In Emilia-Romagna sono in aumento i disturbi dell’alimentazione: +31% in un anno

coccarda disturbi alimentari

Lunedì 24 ottobre la commissione politiche per la salute e politiche sociali della Regione Emilia-Romagna e la commissione regionale cultura, scuola, formazione, lavoro, sport e legalità, riunite in seduta congiunta, hanno ospitato l’informativa della responsabile del settore assistenza territoriale della Regione Fabia Franchi e di Alessio Saponaro (responsabile dell’area salute mentale e dipendenze patologiche dello stesso settore) sul programma regionale di contrasto ai disturbi dell’alimentazione e della nutrizione.

Un fenomeno purtroppo in rapido aumento dopo l’emergenza pandemica, con una crescita del 31% delle persone assistite dai servizi regionali tra il 2020 e il 2021, e che riguarda prevalentemente adolescenti e preadolescenti, in particolare di genere femminile. Lo scorso anno sono state 2.008 le persone prese in carico – nel 92,2% dei casi donne, oltre i due terzi nella fascia d’età 12-30 anni – tra centri di salute mentale (1.379 pazienti) e reparti di neuropsichiatria dell’infanzia e dell’adolescenza (629 pazienti).

“Il tema è delicato, parliamo di uno dei disturbi più complessi in sanità e serve l’impegno di tutti, con strategie che vadano dalla prevenzione alla cura al rafforzamento della rete”, ha detto la presidente della commissione politiche per la salute Ottavia Soncini, che ha poi sottolineato come in questa fase “sia fondamentale comprendere l’impatto del Covid: i casi sono in aumento, a causa della pandemia, specie tra i più giovani (anche in età pediatrica). Occorre facilitare la richiesta d’aiuto, la conoscenza e l’accesso alle risorse presenti sul territorio, oltre a informare sull’assistenza, perché queste patologie si possono vincere”.

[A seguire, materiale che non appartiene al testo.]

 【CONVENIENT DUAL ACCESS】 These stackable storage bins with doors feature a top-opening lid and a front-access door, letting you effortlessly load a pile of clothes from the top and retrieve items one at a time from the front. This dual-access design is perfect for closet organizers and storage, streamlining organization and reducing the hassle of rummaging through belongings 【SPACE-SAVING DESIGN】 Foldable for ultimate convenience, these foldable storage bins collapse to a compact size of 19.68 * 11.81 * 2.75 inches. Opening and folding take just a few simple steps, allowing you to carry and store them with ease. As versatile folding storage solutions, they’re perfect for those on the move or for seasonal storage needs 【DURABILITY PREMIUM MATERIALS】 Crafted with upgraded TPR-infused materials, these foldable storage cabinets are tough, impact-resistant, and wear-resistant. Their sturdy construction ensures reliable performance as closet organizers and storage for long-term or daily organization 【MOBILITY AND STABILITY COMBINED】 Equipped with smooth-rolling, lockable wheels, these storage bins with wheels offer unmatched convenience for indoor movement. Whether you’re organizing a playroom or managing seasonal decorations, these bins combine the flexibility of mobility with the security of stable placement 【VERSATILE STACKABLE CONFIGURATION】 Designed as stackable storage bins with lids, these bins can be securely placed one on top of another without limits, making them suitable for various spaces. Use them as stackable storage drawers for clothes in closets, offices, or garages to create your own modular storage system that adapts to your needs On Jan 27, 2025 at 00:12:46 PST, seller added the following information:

Anche per la presidente della commissione cultura, scuola, formazione, lavoro, sport e legalità Francesca Marchetti “deve esserci un impegno bipartisan sul tema: è fondamentale il ruolo delle famiglie, così come quello delle associazioni, ma importantissimo è anche il ruolo della scuola (per intercettare i nuovi bisogni di ragazzi e ragazze). In questa fase successiva al Covid (che ha acuito il problema) servono nuove risposte”.

Per Marinella Di Stani, psichiatra dell’Ausl Romagna e coordinatrice del tavolo regionale sui disturbi del comportamento alimentare dell’Emilia-Romagna, “è fondamentale il modello organizzativo multiprofessionale e multidisciplinare (è essenziale lavorare in rete)”, e sono necessarie “modalità di accesso omologate in tutti i territori”. Il trattamento ambulatoriale, anche per contrastare i ricoveri, “è il livello di cura più appropriato”, ha detto Di Stani, ricordato che sono 16 i servizi attivi in Emilia-Romagna, che su questo fronte è la prima regione a livello nazionale.

Nel frattempo la Regione si è aggiudicata quasi 1,9 milioni di euro di finanziamenti statali con un progetto mirato alla prevenzione e alla cura dei disturbi della nutrizione e dell’alimentazione, che ha ottenuto il via libera dal Ministero della salute.

Le risorse provengono da un fondo nazionale istituito dal governo Draghi con la legge di bilancio 2021: una dotazione complessiva di 15 milioni per il 2022 e altri 10 milioni per il 2023 per finanziare i piani regionali dedicati alle patologie legate ai disordini dell’alimentazione. Le risorse intercettate dall’Emilia-Romagna, sommate agli 820.000 euro messi a disposizione della Regione, hanno portato a oltre 2,7 milioni l’investimento regionale complessivo.

Il progetto, dal titolo “Linee di intervento per il contrasto dei disturbi della nutrizione e dell’alimentazione (Dna)”, ha come principale obiettivo quello di stabilizzare e consolidare l’attuale modello organizzativo regionale della rete ambulatoriale, basato sull’équipe multidisciplinare per l’intercettazione precoce dei disturbi alimentari, e di garantire prossimità territoriale e adeguatezza delle cure. Tra le altre finalità figurano l’implementazione e l’omogeneizzazione dei programmi Pdta (percorso diagnostico terapeutico assistenziale) in ogni azienda Usl e azienda ospedaliero-universitaria dell’Emilia-Romagna, compatibilmente con le specificità organizzative e territoriali locali.